Medically, blood in the urine is known as hematuria. There are two forms of hematuria:
- Gross Hematuria: This is when you can see blood in the urine. The urine may look pink, red, or cola-colored due to the presence of red blood cells (RBCs). Most of the time, other than the change in appearance in urine, most people do not have other symptoms.
- Microscopic Hematuria: This is when you cannot see blood in the urine with a naked eye but it can be seen when the urine is examined with a microscope. Most people with microscopic hematuria have no symptoms.

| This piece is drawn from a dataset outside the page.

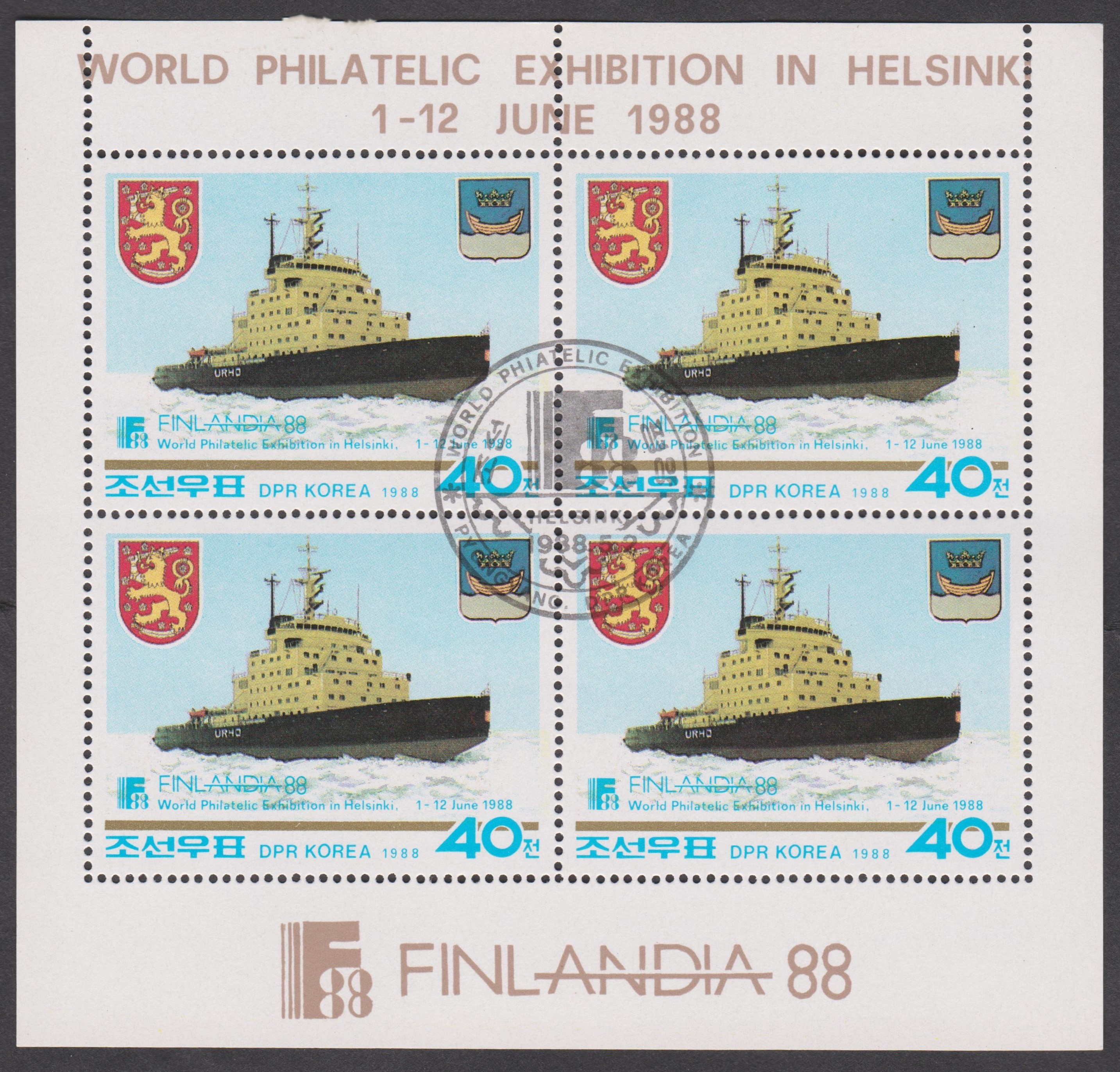 Nordkorea MiNr. 2912 erschien am 02.05.1988 zur internationalen Briefmarkenausstellung FINLANDIA 88, Helsinki im Kleinbogen 2x2 und zeigt den Eisbrecher URHO:

When a person has hematuria, the kidneys or other parts of the urinary tract allow blood cells to leak into the urine. Anyone, including children, can be at risk for blood in the urine. Appearance of blood in urine does not automatically mean you have a serious condition. There are many causes of hematuria including:
- Vigorous or strenuous exercise
- Sexual activity
- Urinary tract infection
- Kidney infection
- Kidney or bladder stone
- Bacterial or viral infection
- Family history of kidney disease
More serious problems that could be causing blood in your urine might be:
- Kidney or bladder cancer
- Polycystic kidney disease
- Irritation or swelling in the kidney, prostate in men, or another part of the urinary tract
- Blood clots
- Sickle cell disease
- Enlarged prostate
- Medications, such as the anti-cancer drug cyclophosphamide (Cytoxan) and penicillin
Hematuria is diagnosed with a urine sample called a urinalysis. A lab technician places a strip of chemically treated paper called a dipstick in the urine. If RBCs are present, patches on the dipstick change color. When RBCs are noted, then the urine is further examined under a microscope to make the diagnosis of hematuria.

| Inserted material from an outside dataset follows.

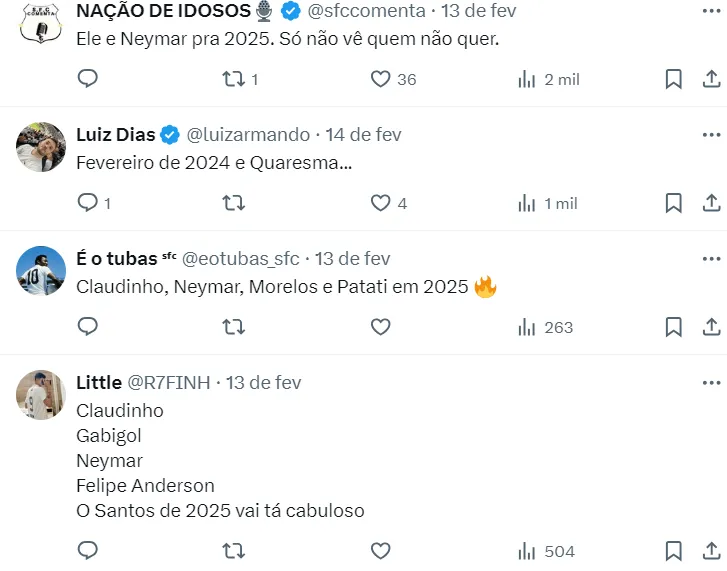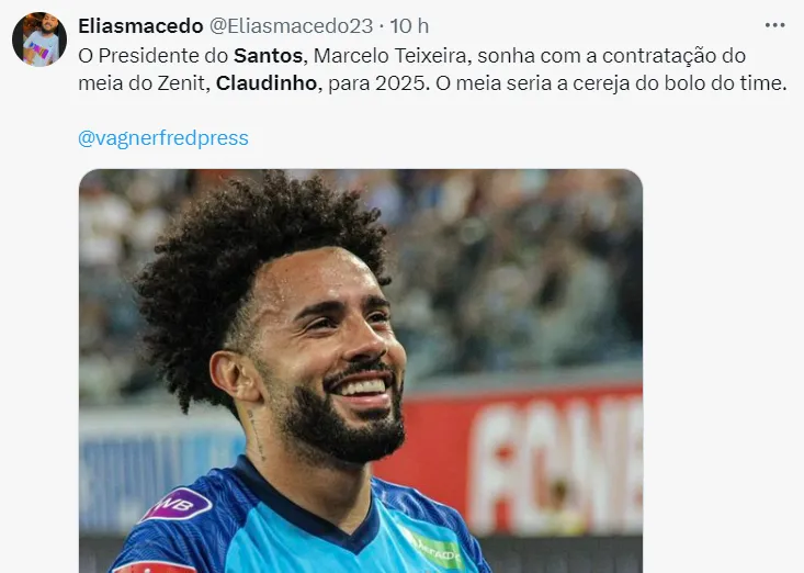 “O atleta que o Santos sonha para ser a grande cereja do bolo é Claudinho. Jogador que nasceu aqui na base do clube, brilhou com a camisa do Bragantino e hoje está no futebol russo. Esse é o sonho do Marcelo Teixeira”, disse o jornalista.

Depending on the circumstances, the doctor may order further testing such as a urinalysis, blood test, biopsy, cystoscopy, or a kidney imaging test.
To treat hematuria, you need to treat its underlying cause. If the reason for hematuria isn’t serious, no treatment may be necessary. If it is caused by a urinary tract infection, it will be treated with antibiotics. A urinalysis should be repeated six weeks after antibiotic treatment ends to be sure the infection is gone.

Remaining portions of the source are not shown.